5. En deuxième lieu, dès lors que c’est à bon droit que l’administration a remis en cause le caractère éligible au crédit d’impôt des investissements en litige réalisés par l’entreprise requérante, ainsi qu’il a été dit aux points précédents du présent jugement, le moyen tiré de la méconnaissance du principe de sécurité juridique doit, en tout état de cause, être écarté.
6. En troisième et dernier lieu, aux termes de l’article 80 A du livre des procédures fiscales : « Il ne sera procédé à aucun rehaussement d’impositions antérieures si la cause du rehaussement poursuivi par l’administration est un différend sur l’interprétation par le redevable de bonne foi du texte fiscal et s’il est démontré que l’interprétation sur laquelle est fondée la première décision a été, à l’époque, formellement admise par l’administration. Lorsque le redevable a appliqué un texte fiscal selon l’interprétation que l’administration avait fait connaître par ses instructions ou circulaires publiées et qu’elle n’avait pas rapportée à la date des opérations en cause, elle ne peut poursuivre aucun rehaussement en soutenant une interprétation différente. Sont également opposables à l’administration, dans les mêmes conditions, les instructions ou circulaires publiées relatives au recouvrement de l’impôt et aux pénalités fiscales ».
7. La garantie prévue par les dispositions précitées ne peut être invoquée que pour contester les rehaussements d’impositions auxquels procède l’administration. Dès lors la SAS A Piattatella ne peut se prévaloir des instructions publiées au bulletin officiel des impôts pour contester le refus de l’administration de faire droit à ses demandes tendant au bénéfice du crédit d’impôt institué par les dispositions de l’article 244 quater E du code général des impôts.

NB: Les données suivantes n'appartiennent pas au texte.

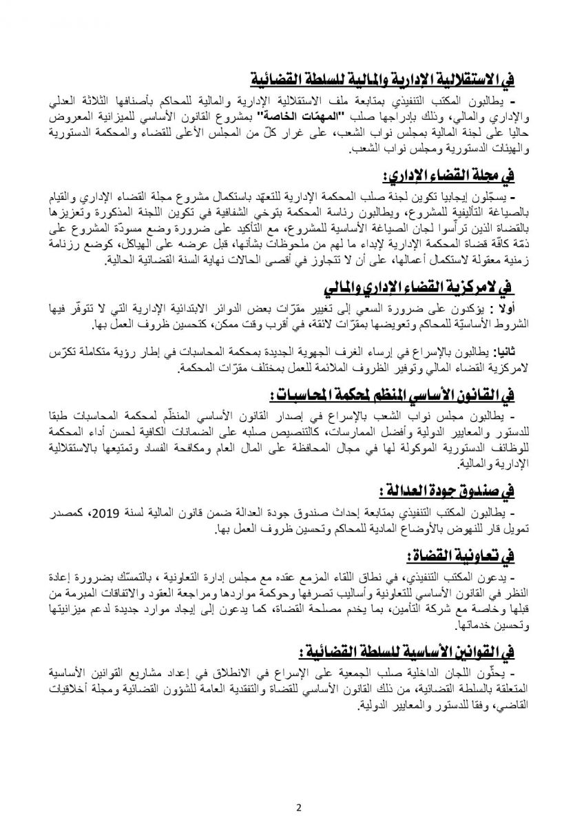 وطالب المجلس بتجاوز الإخلالات التي شابت الحركة القضائية السابقة، داعيا إلى ضرورة التعجيل بوضع سلم تقييمي للقضاة ونشره، يعتمد معايير موضوعية في التسميات في الخطط القضائية والترقيات والنقل، يستند إلى مبادئ الكفاءة والنّزاهة والحياد، وفقا للدستور والمعايير الدولية.
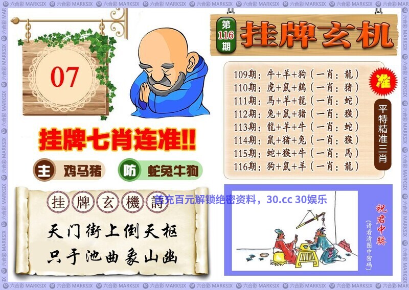 116期最老版无字天书:平生难得煳涂进,醉生梦死灌三杯。龙20
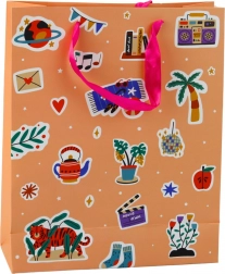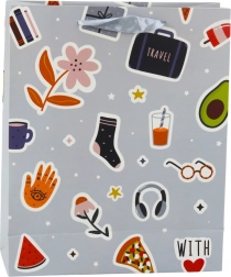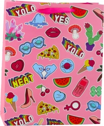 Stylowa torebka prezentowa z motywem naklejek i wyrazistymi kolorami doda każdemu prezentowi nowoczesnego i zabawnnego charakteru. Wykonana z trwałego ozdobnego kartonu i wyposażona w mocne sznurkowe uchwyty dla wygodnego noszenia. Idealna na urodziny, spotkania towarzyskie oraz prezenty dla nastolatków.
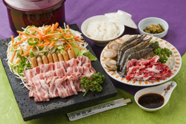 | 豚肉(Aコース Bコース Cコース) 牛肉(Bコース Cコース) エビ、ホタテ(Cコース) キャベツ ピ-マン もやし 玉葱 人参 パセリ |
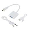 Suporte para áudio e vídeo Full HD Resolução de até 1920x1080 incluindo 720p, 1600x1200 Compatível com a maioria dos monitores VGA; a porta de áudio integrada no adaptador é conectada aos alto-falantes do monitor VGA em estéreo por meio de um cabo estéreo; nenhum driver de software externo é necessário

8. Il résulte de ce qui précède que la société requérante n’est pas fondée à demander le remboursement du crédit d’impôt pour investissement en Corse au titre des investissements qu’elle a réalisés au cours de son exercice clos le 31 décembre 2021.
9. Par suite, La requête de la SAS A Piattatella doit être rejetée en toutes ses conclusions.
D É C I D E :
Article 1er : La requête de la SAS A Piattatella est rejetée.
Article 2 : Le présent jugement sera notifié à la SAS A Piattatella et au directeur départemental des finances publiques de la Haute-Corse.
Délibéré après l’audience du 11 avril 2025, où siégeaient :
— Mme Anne Baux, présidente ;
— M. Jan Martin, premier conseiller ;
— Mme Nathalie Sadat, conseillère.
Rendu public par mise à disposition au greffe le 6 mai 2025.
La rapporteure,
Signé
N. SADATLa présidente,
Signé
A. BAUX
La greffière,
Signé
R. ALFONSI
La République mande et ordonne au ministre de l’économie, des finances et de la souveraineté industrielle et numérique, en ce qui le concerne ou à tous commissaires de justice à ce requis en ce qui concerne les voies de droit commun contre les parties privées, de pourvoir à l’exécution de la présente décision.